=== To do ===
As output, give the exact lines from the one containing "CA-2HE是一款適用於單手操作的無(wú)鉛焊臺(tái)。" through the end of the listing below, both included, without the pictures.

=== Dataset content ===
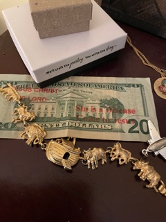 From then on, I put the bill on my jewelry armoire to remind me that Jesus is Lord over the economy and anything that happens to it. Anyway, the picture hit the bill on its way down, as well as my Noah’s Ark bracelet. I also had a little airplane charm on top as a reminder that one day Jesus will “fly” us to heaven. The plane had been knocked all the way off the bill.
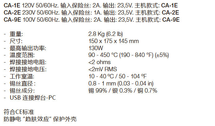 CA-2HE是一款適用於單手操作的無(wú)鉛焊臺(tái)。
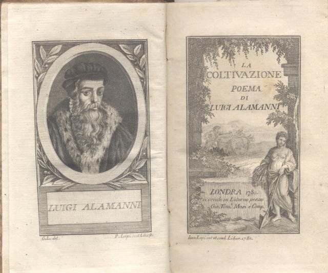 Opera dedicata al Conte Alessio Orlow. Cm.15,5x9,4. Pg.XXXXIV, 238. Legatura in mz.pelle con piatti marmorizzati. Tassello con titoli e filetti in oro al dorso. Il testo è preceduto da una "Vita dell'Alamanni". In fine, con numerazione consecutiva, "Epigrammi toscani di Luigi Alamanni, dal medesimo dedicati alla Serenissima Madama Margarita, Principessa di Francia". All'antiporta ritratto dell'Alamanni inciso da Pompeo Lapi su disegno di Giovanni Lapi. A quest'ultimo si deve anche la gradevole illustrazione a piena pagina del frontespizio. "La Coltivazione" è un poema didascalico in endecasillabi sciolti, in sei libri, derivato dalle "Georgiche" e dagli antichi teorici dell'agricoltura, quali Columella, Palladio, Varrone, Esiodo e altri. Nei primi quattro libri sono descritte le opere rurali delle quattro stagioni, negli ultimi due la coltura degli orti. > "Mostra dell'editoria livornese (1643-1900)", 68. Lastri, 2; e Gamba, 17-20, citano altre edizioni. Codice libreria 115106.
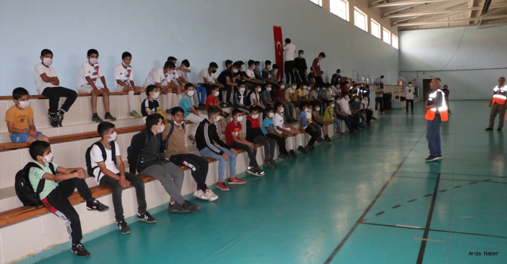 İl Afet ve Acil Durum Müdürlüğü (AFAD) ekiplerince ilçedeki spor salonunda verilen eğitimde katılımcılar, afetlerde hayati önem taşıyan konularda bilgilendirildi.

=== Output of the exercise ===
 CA-2HE是一款適用於單手操作的無(wú)鉛焊臺(tái)。
 Opera dedicata al Conte Alessio Orlow. Cm.15,5x9,4. Pg.XXXXIV, 238. Legatura in mz.pelle con piatti marmorizzati. Tassello con titoli e filetti in oro al dorso. Il testo è preceduto da una "Vita dell'Alamanni". In fine, con numerazione consecutiva, "Epigrammi toscani di Luigi Alamanni, dal medesimo dedicati alla Serenissima Madama Margarita, Principessa di Francia". All'antiporta ritratto dell'Alamanni inciso da Pompeo Lapi su disegno di Giovanni Lapi. A quest'ultimo si deve anche la gradevole illustrazione a piena pagina del frontespizio. "La Coltivazione" è un poema didascalico in endecasillabi sciolti, in sei libri, derivato dalle "Georgiche" e dagli antichi teorici dell'agricoltura, quali Columella, Palladio, Varrone, Esiodo e altri. Nei primi quattro libri sono descritte le opere rurali delle quattro stagioni, negli ultimi due la coltura degli orti. > "Mostra dell'editoria livornese (1643-1900)", 68. Lastri, 2; e Gamba, 17-20, citano altre edizioni. Codice libreria 115106.
 İl Afet ve Acil Durum Müdürlüğü (AFAD) ekiplerince ilçedeki spor salonunda verilen eğitimde katılımcılar, afetlerde hayati önem taşıyan konularda bilgilendirildi.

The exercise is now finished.